I think [cargo-crev](https://lib.rs/crates/cargo-crev) is a great tool to express trustworthiness in the open-source community, especially for the [Rust programming language](https://www.rust-lang.org/).  I fear so much of [supply chain attacks](https://en.wikipedia.org/wiki/Supply_chain_attack) using dependencies from [crates.io](https://crates.io/). For the smallest project you can get 100 dependencies easily. How to trust them all? To review them all manually? It is just crazy.  
But if enough people write reviews, it will be so much easier to trust the code.
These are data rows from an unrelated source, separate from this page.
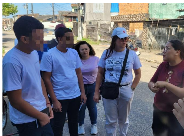
Figura 5: Aula de campo no Bairro do Barreiro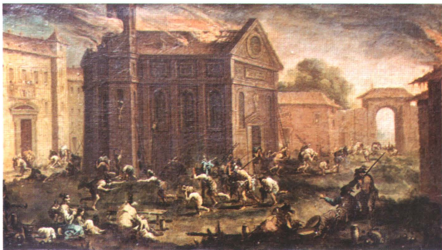
12. ALESSANDRO MAGNASCO zis LISSANDRINO (1667 - 1749)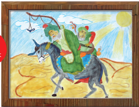
ウズベキスタン 「シルクロードへの道」 ベグソットくん(13歳)

スリランカの子どもたちは黄色い太陽を描くけど、日本で育った私の息子(スリランカ人)は赤く描くのよ!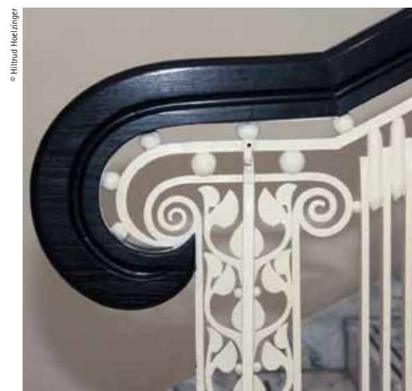
Detail of the main staircase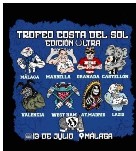
Cartel promocional del Trofeo Costa del Sol. Edición Ultra.

Un ejemplo es el “Trofeo Costa del Sol. Edición Ultra” 41 . Esta competición que se promociona en varias cuentas de redes sociales se celebrará el 13 de julio en Málaga y juntará a miembros de Frente Bokerón (Málaga CF), Ultras Marbella (Marbella FC), Curva Sur Granada (Granada CF), Frente Orellut (CD Castellón), Ultra Yomus (Valencia CF), WHU (West Ham United), Suburbios Firm (Club Atlético de Madrid) y Ultras Lazio (SS Lazio), todos ellos con un factor en común, su ideología de, su ideología de extrema derecha.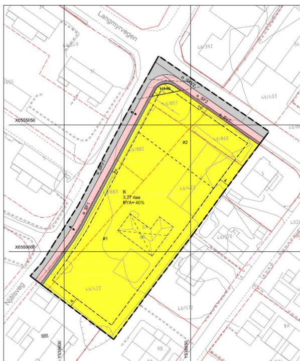
Figur 2 Plankart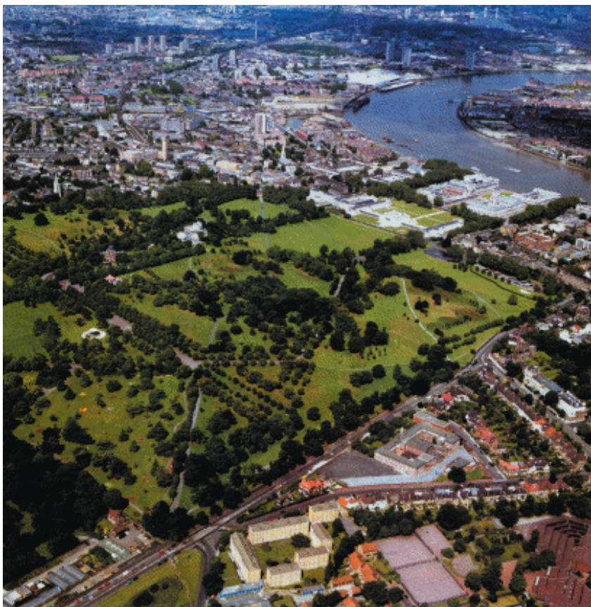
格林威治海岸地区景观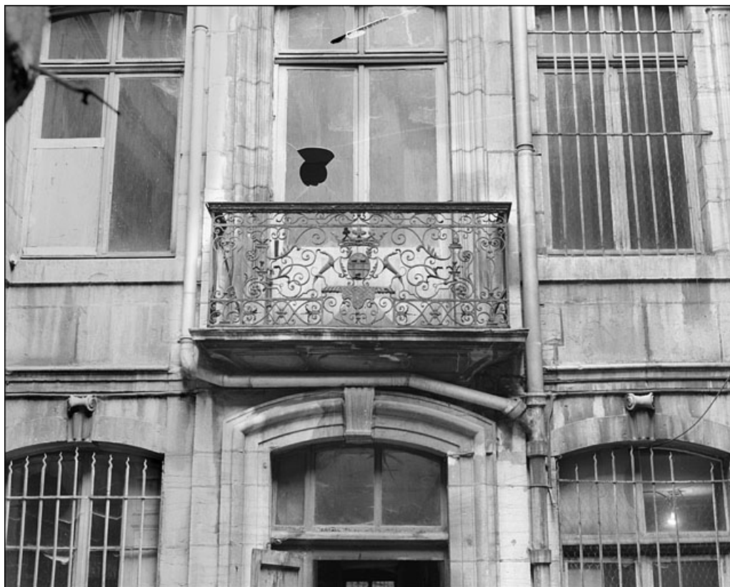
Logis en fond de cour : détail du balcon en ferronnerie, vue éloignée.

25, Besançon Grande Rue 67, lieudit : îlot Saint-Pierre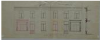
Schoeters August, Warandestraat , nr. 369[s], steken vitrien en wederzijds verplaatsen vensterraam, 10/3/1894 (BOUW#1887)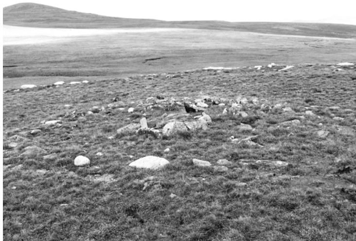
Նկար 2. Մուրադ թափա դամբարաններ

It is the same principle as [booking.com](https://www.booking.com/) or [air-bnb](https://www.airbnb.com/). Guests of a hotel write a review about their actual experience in the hotel. And you can read a hopefully truthful review and can understand if the hotel is good or bad. Sometimes can happen to find a fake review, but if there is enough people, most of them will be sincere.  
Sadly, writing reviews in `cargo-crev` is hard. Let's make a [GUI](https://en.wikipedia.org/wiki/Graphical_user_interface) wrapper around `cargo-crev` to make write reviews easier.  
We will see walking the path what obstacles we must overcome.  

## Technical decisions

Rust does not have a true GUI story. It is mostly for [CLI](https://en.wikipedia.org/wiki/Command-line_interface) and libraries. Because GUI is mostly non cross-platform. But Rust is the best language for [Wasm/Webassembly](https://webassembly.org/). So let's combine this.  
I will make a Rust [workspace](https://doc.rust-lang.org/book/ch14-03-cargo-workspaces.html) (multi-projects):

1. CLI for a web server (local micro-server)
2. Wasm for the browser (chrome and similar)

The web server CLI will access files, commands, libraries and the network. This will work only in [Linux](https://en.wikipedia.org/wiki/Linux), but today Win10 has integrated Linux with [WSL2](https://en.wikipedia.org/wiki/Windows_Subsystem_for_Linux). It will work just fine on all the operating systems sensible for Rust development.  
Wasm in browser will just access the local micro web server. This is gonna be the GUI and because the browser works in every [OS](https://en.wikipedia.org/wiki/Operating_system), this is [cross-platform](https://en.wikipedia.org/wiki/Cross-platform_software) development.  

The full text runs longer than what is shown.